For the latter method (see "Extruding tubing foils ", VDI-Verlag 1985, page 141) an error from the manufacturer of approx. + - 0.5%. Because the required for this procedure level monitoring strongly depends on the vibration of the ver user, one can rather assume a major mistake. The device-related effort is very large.

Each of the methods mentioned requires the calculation of the mass current computing means, as given today with microelectronics are and with the help of appropriate digitization practical every small mistake you want can be reached. That means he can be a multiple of the above errors less than any of the selectable weighing systems and therefore does not need be included in the considerations.

The listed methods and devices not only have Mistakes that are constantly being striven to reduce, they are too complex and therefore with correspondingly high procurement costs bound. After all, their uses are limited.

The invention has for its object the disadvantages mentioned to eliminate or reduce. It is therefore said of the Differenti alverfahren as the one with the least known measuring error-prone procedures are used, forces, as is usually the case when the bulk material flows at the outlet kick, are ineffective on the vertical weight of the Weighing container content. This is particularly intended to be the case with the invention can be reached if the bulk material cannot flow freely. The Weighing this reduces errors.
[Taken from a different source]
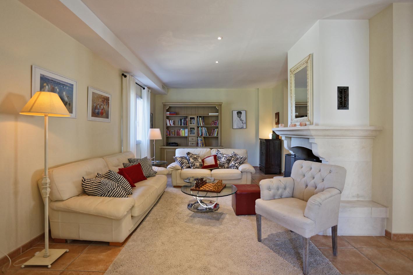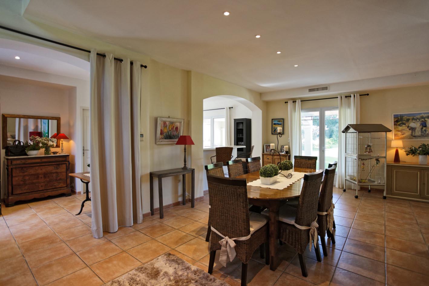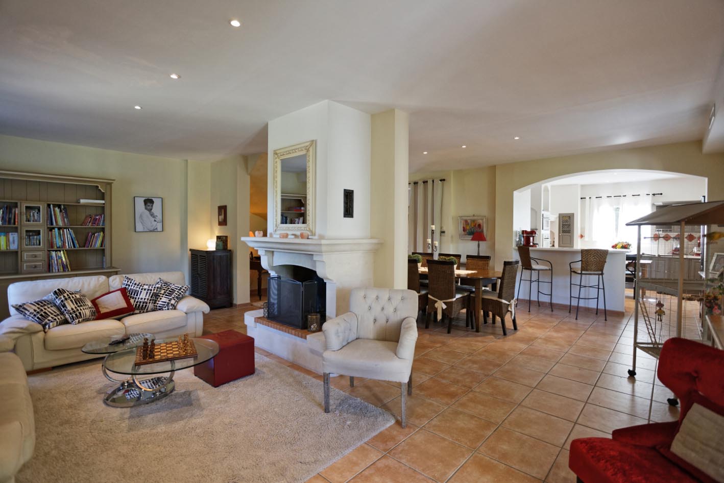 Salon - salle à manger avec cheminée, accès terrasse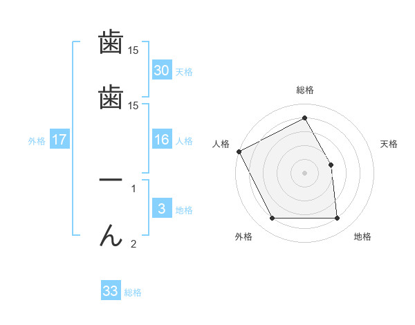 歯歯 ーんさんを姓名の画数から五運を鑑定

Another reduction in one Weighing error caused by pulsation should be corrected the preselected time to be made if a means of transport is used that tends to pulsate.  

According to the invention, the method and the execution is based serving device that the output of the weighing container is designed so that ent when the bulk material flows out standing forces at the outlet towards a consumer or a Means of transport are ineffective on the vertical to be measured weight of the bulk material. The necessary for this Optimization of the outlet with regard to flowability, flow direction, outlet cross-section, etc. is therefore the output of the weighing container with adjustable flap or slide or a ver slidable rotating body. When removing zero is the outlet of the container from the bulk material itself cordoned off.

This version therefore also allows multiple arrangement such weighing container over a single means of transport. If the means of transport consists of a screw conveyor, a pulsating mass flow. This applies regardless of whether the funding screw attached to the weighing container, or part of a Consumer (e.g. extruder). In this case, the is given corrected the time for calculating the mass flow in such a way that after triggering the weighing process, d. H. to record the Differential weight, start and end of the specified time in the same angular position of the screw, about triggered by a Contact at the worm shaft takes place. This time can therefore be equal to or greater than the specified time. For the calc The corrected time is used as a basis for the mass flow. The quotient of weight loss and corrected time is based on known manner formed by means of microelectronics.

Preferred embodiments of the invention are described below various drawings described in more detail.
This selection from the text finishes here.